The prisoner’s dilemma has two interesting characteristics that make it a useful model of a social dilemma. For one, the prisoner’s dilemma is arranged so that a positive outcome for one player does not necessarily mean a negative outcome for the other player (i.e., the prisoner’s dilemma is not a fixed-sum situation but an integrative one). If you consider again the matrix in Figure 12.5, you can see that if one player takes the cooperative choice (to not confess) and the other takes the competitive choice (to confess), then the prisoner who cooperates loses, whereas the other prisoner wins. However, if both prisoners make the cooperative choice, each remaining quiet, then neither gains more than the other, and both prisoners receive a relatively light sentence. In this sense, both players can win at the same time.
Second, the prisoner’s dilemma matrix is arranged such that each individual player is motivated to take the competitive choice because this choice leads to a higher payoff regardless of what the other player does. Imagine for a moment that you are Malik, and you are trying to decide whether to cooperate (don’t confess) or to compete (confess). And imagine that you are not really sure what Frank is going to do. Remember that the goal of the individual is to maximize rewards. The values in the matrix make it clear that if you think that Frank is going to confess, you should confess yourself (to get 10 rather than 30 years in prison). And it is also clear that if you think Frank is not going to confess, you should still confess (to get no years rather than three years in prison). So the matrix is arranged so that the “best” alternative for each player, at least in the sense of pure self-interest, is to make the competitive choice, even though in the end both players would prefer the combination in which both players cooperate to the one in which they both compete.
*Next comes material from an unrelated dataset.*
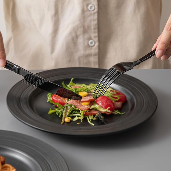 KINGSTONE Black Silverware Set, Luxury 40 Piece Flatware Set for, 18/10 Stainless Steel Cutlery Set with Diamond Cut Pattern for Kitchen, Home, Wedding, Party, Mirror Polished and Dishwasher Safe

Although initially specified in terms of the two prisoners, similar payoff matrices can be used to predict behavior in many different types of dilemmas involving two or more parties and including choices between helping and not helping, working and loafing, and paying and not paying debts (Weber & Messick, 2004). For instance, we can use the prisoner’s dilemma to help us understand a contributions dilemma, such as why two roommates might not want to contribute to the housework. Each of them would be better off if they relied on the other to clean the house. Yet if neither of them makes an effort to clean the house (the cooperative choice), the house becomes a mess and they will both be worse off.